--- Work item ---
From the very first line of the data to the line containing "BALLET FLAT IN BLACK EMBOSSED CALFSKIN", retype everything exactly, leaving the pictures behind.

--- Exercise data ---
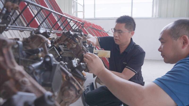 在罡杨镇田缘家庭农场,海陵区农机服务中心的工作人员现场指导农机手检修、调试和保养农业机械,大到发动机,小到螺丝钉,不放过任何隐患点,让农场主在夏收前吃下“定心丸”。
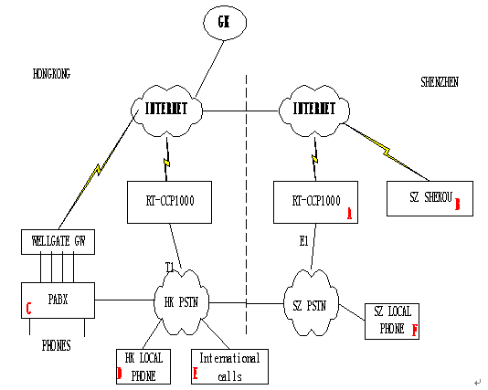 - A點(diǎn)是深圳福田的office,B點(diǎn)是深圳蛇口的辦事處,C點(diǎn)是香港總部的office,D點(diǎn)香港本地電話用戶,E點(diǎn)來自國際的呼叫,F(xiàn)點(diǎn)是深圳本地的電話用戶。
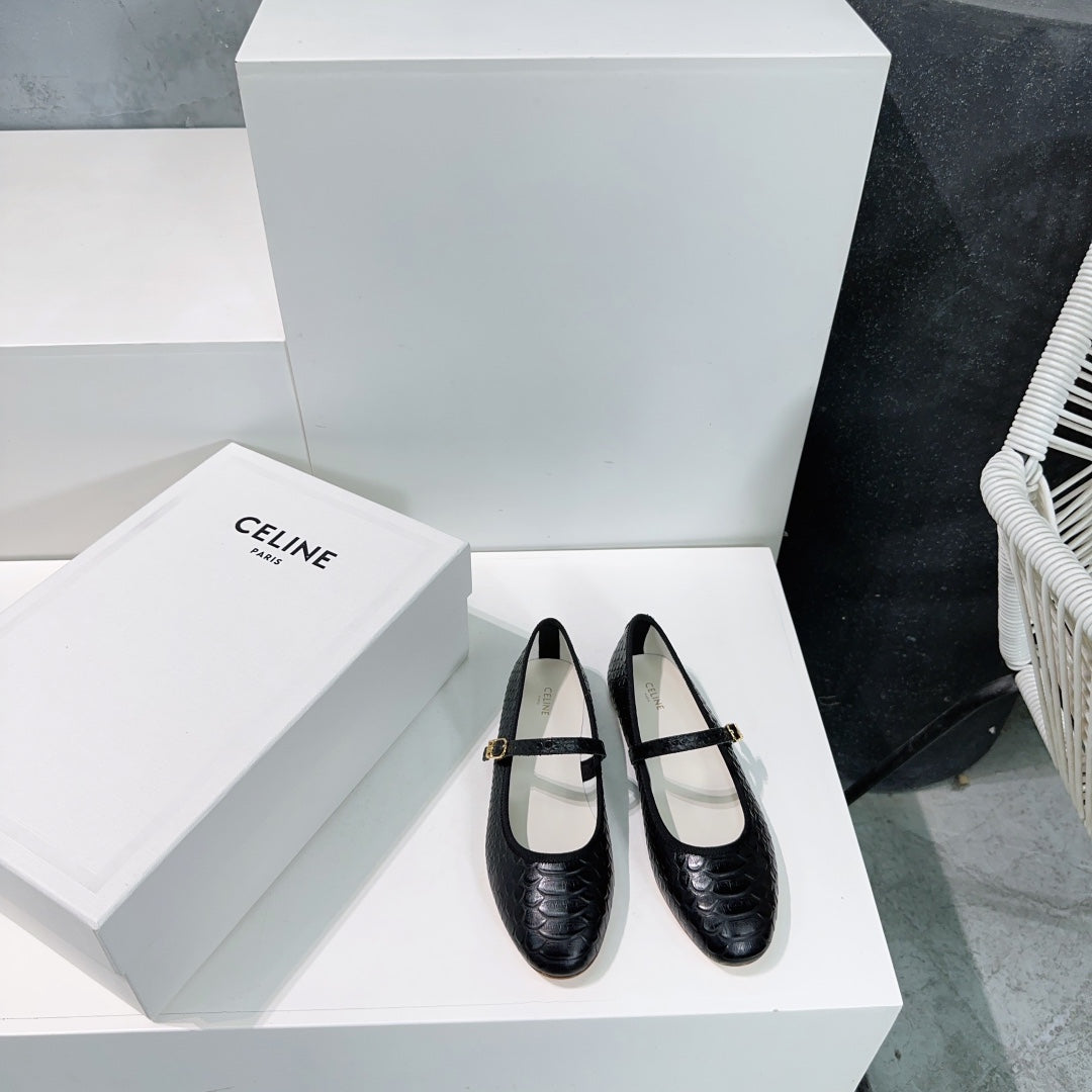 BALLET FLAT IN BLACK EMBOSSED CALFSKIN
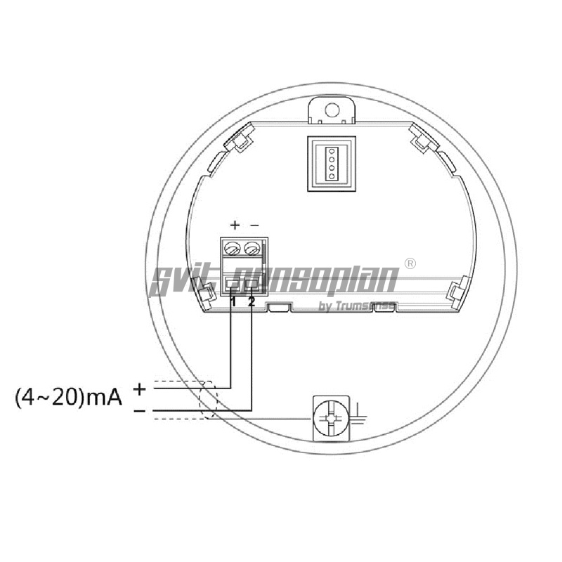 (4~20)mA/HART (Two wire system) The power supply and the output current signal sharing a two core shield cable. The supply voltage range see technical data. For intrinsically safe type must be a safety barrier between the power supply and the instrument.

--- Task solution ---
 在罡杨镇田缘家庭农场,海陵区农机服务中心的工作人员现场指导农机手检修、调试和保养农业机械,大到发动机,小到螺丝钉,不放过任何隐患点,让农场主在夏收前吃下“定心丸”。
 - A點(diǎn)是深圳福田的office,B點(diǎn)是深圳蛇口的辦事處,C點(diǎn)是香港總部的office,D點(diǎn)香港本地電話用戶,E點(diǎn)來自國際的呼叫,F(xiàn)點(diǎn)是深圳本地的電話用戶。
 BALLET FLAT IN BLACK EMBOSSED CALFSKIN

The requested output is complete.